When Hey Nineteen comes over pharmacy ceiling speakers, as people waiting for insulin meds and flu-jabs tap their feet and develop a light hip-sway, I want to gouge out my eyes and hot wax my ears. Cuervo Gold has never been my go-to tequila, but maybe in 1980 it was the best you could get. And I’ve never known a nineteen-year-old girl for whom Cuervo was an aspirational drink. Maybe I’ve circled down the wrong drains, though…
So don’t get me wrong. I’m a sucker for enigmatic darkness. “Reelin’ In The Years,” “Barrytown” and “My Old School” evoke an innocence that belies their subjects, and those tracks soar on inventive guitar and keyboard lines and engaged storytelling.
My Line6 POD-XT amp/effect unit has a “ReelinInTheYears” factory preset that marries emulations of a Mesa Boogie Mark IIc+ with MXR Phase 90 and MXR Dynacomp pedals. Every once in a while I dial it up while playing and slip in and out of a few measures of 70s AOR sweetness.

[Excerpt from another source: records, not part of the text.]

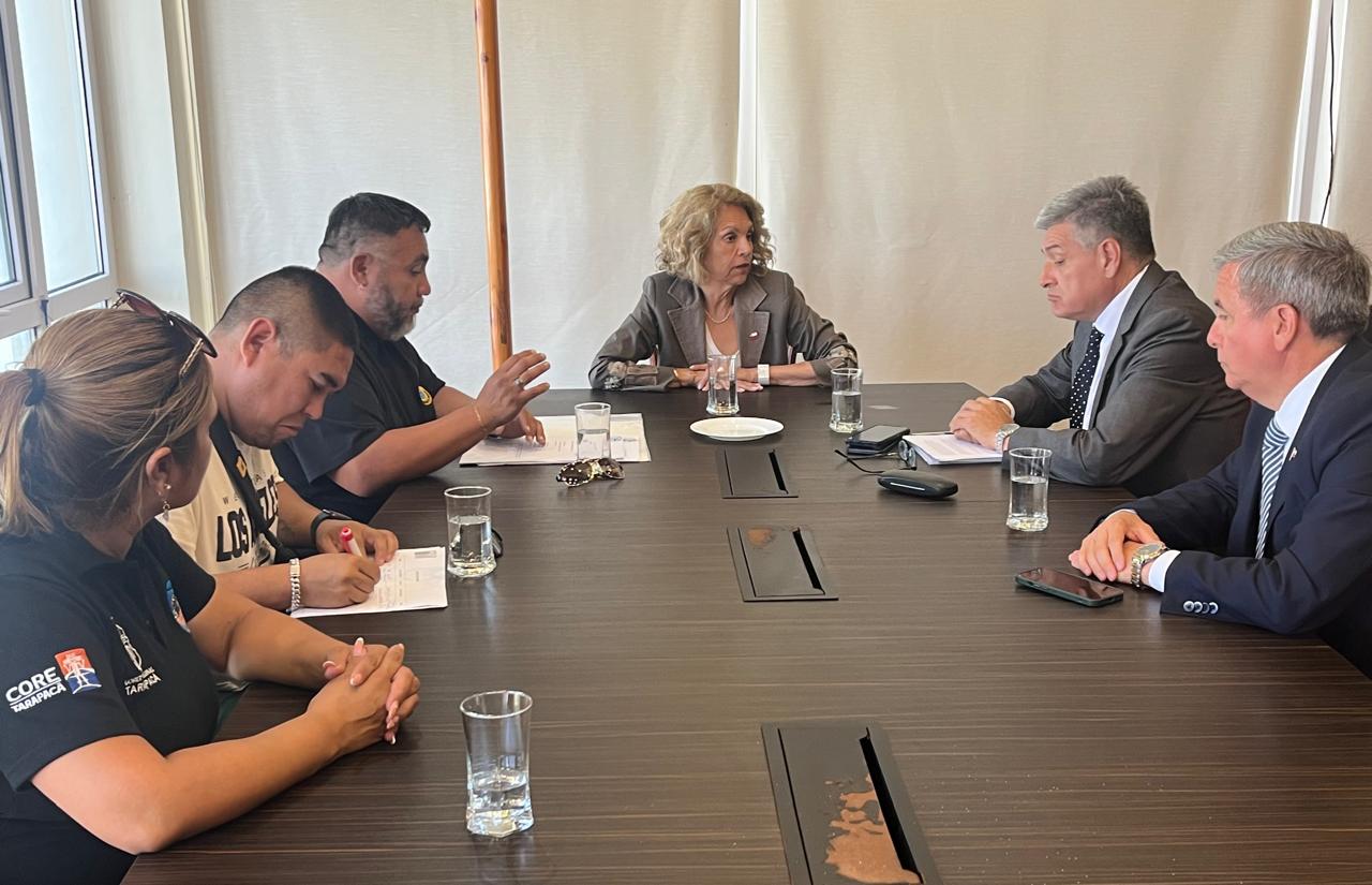 En el lugar fueron recibidos por el seremi de Transportes y Telecomunicaciones de Tarapacá, Carlos Navarrete; el seremi de Seguridad Pública, Omar Salazar; y posteriormente por la delegada presidencial regional, Adriana Tapia Cifuentes.
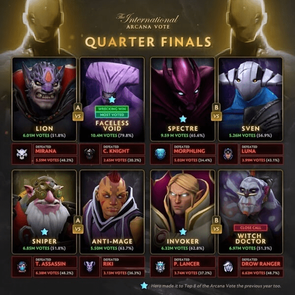 Стали известны все участники четвертьфинала голосования за аркану в боевом пропускеDota 2.
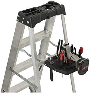 The step ladder is fully loaded and equipped with a molded top that includes a recessed tray to hold all your tools
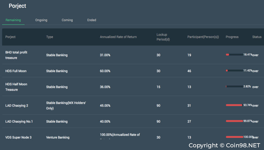 Trong tính năng này, người dùng sẽ lock coin/token của họ trên sàn MXC và nhận lại phần thưởng là lãi suất tương ứng trong thời gian đó. Tính năng này tương tự như BitTreasure của BitMax hay CryptoFarm của OceanEx.
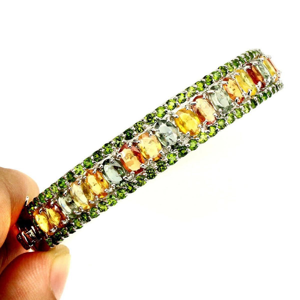 925 STERLING SILVER;PLATE...14K WHITE GOLD;LENGTH (INCHES)2.2;MAIN STONE-SAPPHIRE;OTHER GEMS-CHROME DIOPSIDE;TOTAL WEIGHT-96.64 CT (TOTAL WEIGHT OF SILVER + STONE)DIMENSION* STONE 1.5 TO 6.0 X 4.0 MM. * DIAMETER 2.2 X 2.1 INCHES. * FACE BANGLE 26.0 X 10.0 MM.;MAIN STONE SHAPE-OVAL CUT;MAIN STONE COLOR-MULTI-COLOR;CLARITY/GRADE-IF TO VVS;ORIGIN- Ceylon;HARDNESS-9;
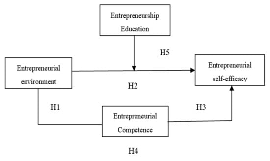 Thirdly, the entrepreneurial environment provides resource support for the development of entrepreneurial competence and drives the improvement of entrepreneurial self-efficacy. The entrepreneurial environment provides support for the development of entrepreneurial competencies and helps college students to obtain social support and provide solid resource conditions for entrepreneurial activities. Comprehensively, the success of entrepreneurship among college students with weak entrepreneurial resources depends not only on themselves, but also on the support of external resources []. With entrepreneurial competence, college students can also expand their own social resources and establish the social support system needed to use entrepreneurship []. Abundant social resources can trigger positive expectations of entrepreneurial outcomes and enhance entrepreneurial self-efficacy []. Thus, the following hypothesis is proposed.
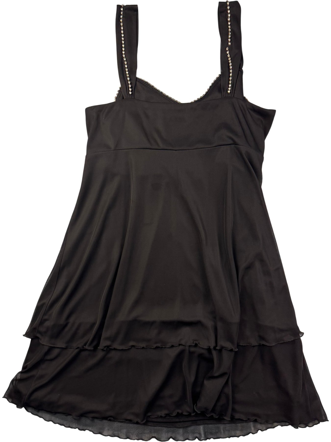 Black dress by Lilly & Rose featuring decorative embellishments along the straps and neckline. Includes three-dimensional floral detailing at the waist and a layered hem. Sleeveless with wide straps for a comfortable fit.
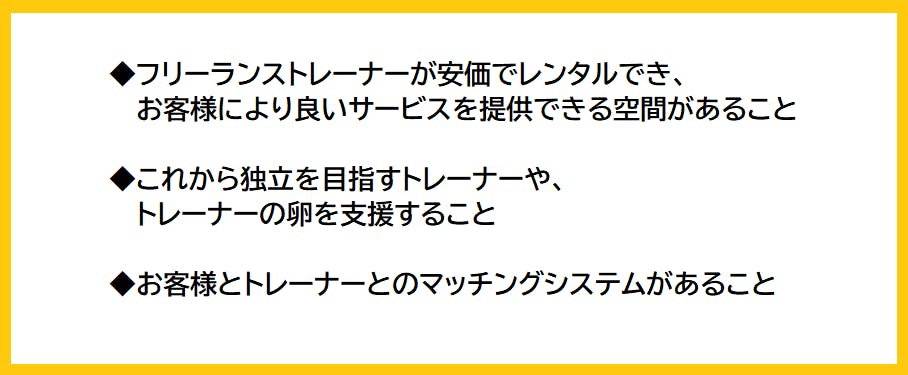 私たちの企画では、3つのポイントを押さえたレンタルジムを作ります。

I’m also a sucker for congenial memories. In the late 70s, when I was about 7 or 8, Steely Dan floated around all my social-musical circles. In the end, I can’t separate memories of camp counselors shout-singing “My Old School” and “Do It Again” out their sunroofs from the songs themselves. Such is the power of “classic” rock over me. Dislike cannot compute.
Favorite Album:
“Countdown To Ecstasy” (1973)
Overlooked record contains my fav track, “My Old School.”
Least Favorite Album:
“Everything Must Go” (2003).
Stripped of big-70s production values, the band loses all its charm, which sounds counterintuitive, but sometimes big and bombastic really is better for the soul.
Seen Them Live? Got Any Merch?
No. Yes. Circa 2000 A.D., the fine folks at the now-defunct Image Entertainment gifted me a live DVD called “Two Against Nature: Steely Dan’s Plush TV Jazz-Rock Party In Sensuous Surround Sound.” The track “Cousin Dupree” is even skeezier live, but the version of “Peg” towards the end of the show really showcases Becker’s phased-clean phrasing. My well-worn, dog-eared, marked to the margins copy of Naked Lunch can count as merch, too.
EPILOGUE:
My old-friend Mark Penz, (from one of My Old Schools(!)), an audio engineer whose astute listening talent I always admired, offered a wonderful comment on the Facebook post:
MARK PENZ: Damn – great analysis of pros and cons of SD. Particularly appreciate the ‘Barrytown’ reference, though ‘East St. Louis Toodle-Ooo‘ reweaves the jazz classic beautifully. Solo career for Fagan produced a diamond (Nightfly – the classic A/V album test material around the planet) with ‘New Frontier‘ doing cowbell before cowbell was cowbell. ‘Tomorrow’s Girls‘ off of Kamakiriad was an excellent tune. Becker’s solo album ‘11 Tracks of Whack‘ is pretty disapponting, but yielded some good bassline in ‘Down in the Bottom.’
But I ain’t never going back to my old school.